Work to be completed: Using the records below, write out only the lines from the line containing "- FAST AND EFFICIENT: The" up to and including the line containing "ワンピース エプロン レディース", exactly, with no pictures.

Dataset content:
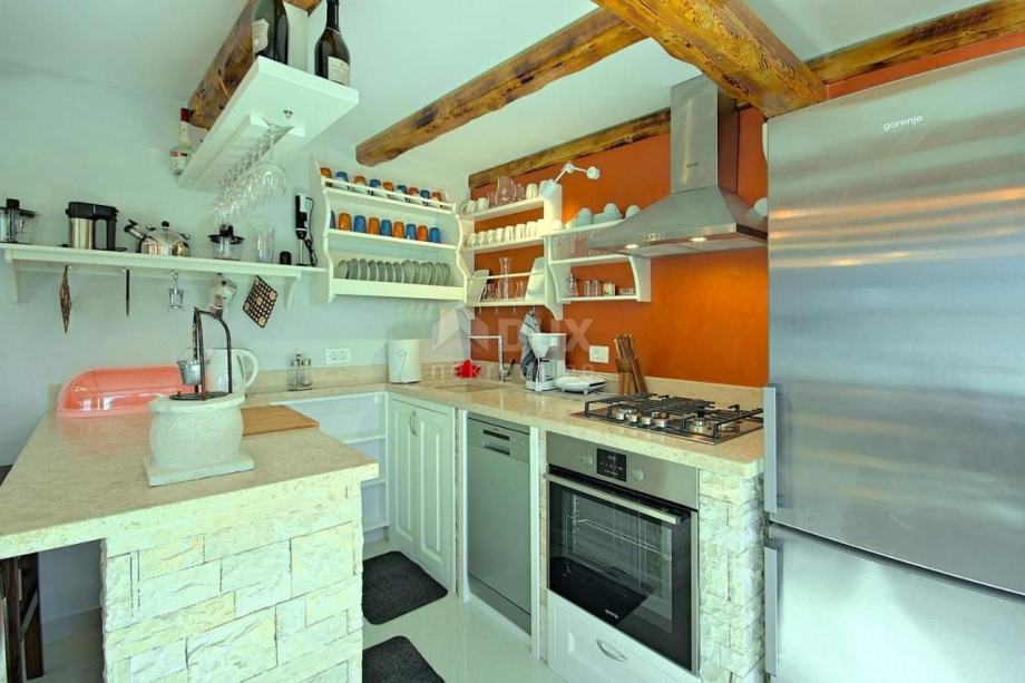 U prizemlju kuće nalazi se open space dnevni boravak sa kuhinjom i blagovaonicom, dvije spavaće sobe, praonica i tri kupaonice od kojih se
* * *
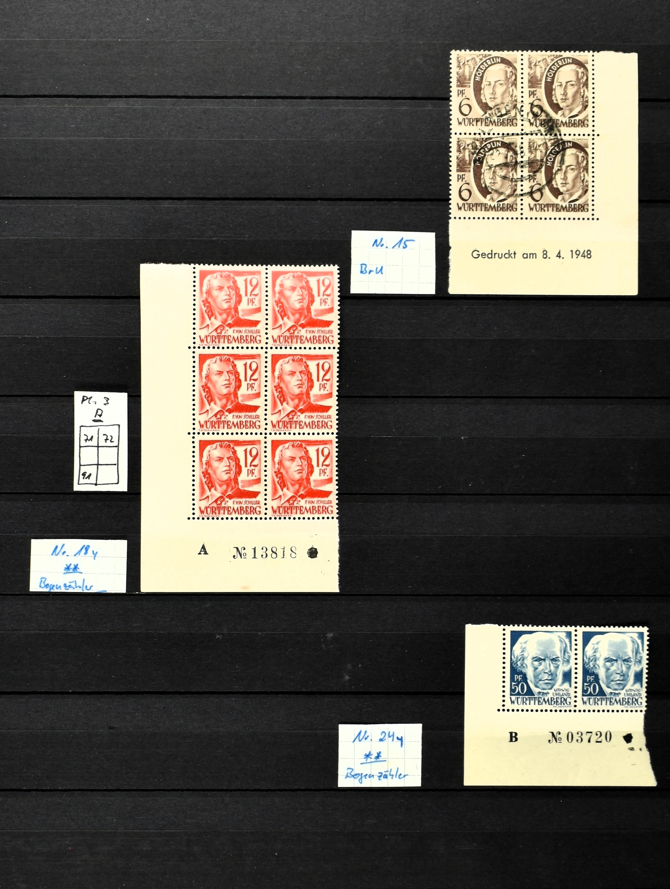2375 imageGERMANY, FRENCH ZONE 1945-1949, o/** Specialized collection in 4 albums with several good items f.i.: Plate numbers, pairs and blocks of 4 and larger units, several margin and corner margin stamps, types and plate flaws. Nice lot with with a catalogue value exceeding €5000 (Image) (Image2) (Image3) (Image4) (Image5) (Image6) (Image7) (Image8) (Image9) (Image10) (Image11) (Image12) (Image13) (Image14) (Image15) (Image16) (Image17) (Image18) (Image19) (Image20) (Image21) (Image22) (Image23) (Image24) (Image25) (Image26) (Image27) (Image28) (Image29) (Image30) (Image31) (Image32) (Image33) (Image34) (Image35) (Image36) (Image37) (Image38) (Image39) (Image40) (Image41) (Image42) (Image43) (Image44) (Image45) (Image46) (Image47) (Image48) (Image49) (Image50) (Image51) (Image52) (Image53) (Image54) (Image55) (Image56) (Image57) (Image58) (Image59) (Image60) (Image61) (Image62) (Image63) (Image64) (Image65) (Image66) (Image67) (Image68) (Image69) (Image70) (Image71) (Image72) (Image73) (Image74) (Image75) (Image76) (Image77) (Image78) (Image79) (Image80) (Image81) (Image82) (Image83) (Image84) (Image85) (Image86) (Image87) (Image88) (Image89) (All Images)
---
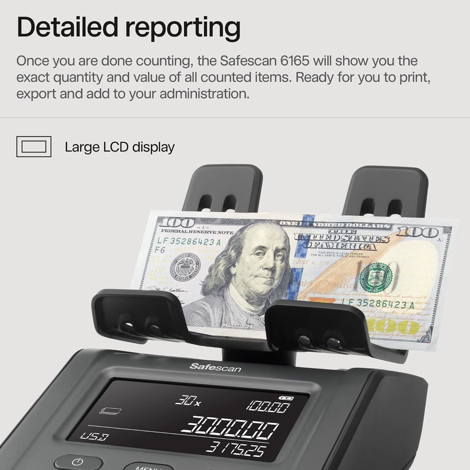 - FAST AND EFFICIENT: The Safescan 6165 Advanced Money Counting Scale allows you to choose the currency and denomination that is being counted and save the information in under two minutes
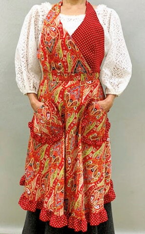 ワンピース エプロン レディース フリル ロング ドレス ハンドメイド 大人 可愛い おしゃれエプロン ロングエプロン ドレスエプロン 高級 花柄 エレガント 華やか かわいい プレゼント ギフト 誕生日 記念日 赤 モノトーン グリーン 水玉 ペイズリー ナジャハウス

Exercise result:
 - FAST AND EFFICIENT: The Safescan 6165 Advanced Money Counting Scale allows you to choose the currency and denomination that is being counted and save the information in under two minutes
 ワンピース エプロン レディース フリル ロング ドレス ハンドメイド 大人 可愛い おしゃれエプロン ロングエプロン ドレスエプロン 高級 花柄 エレガント 華やか かわいい プレゼント ギフト 誕生日 記念日 赤 モノトーン グリーン 水玉 ペイズリー ナジャハウス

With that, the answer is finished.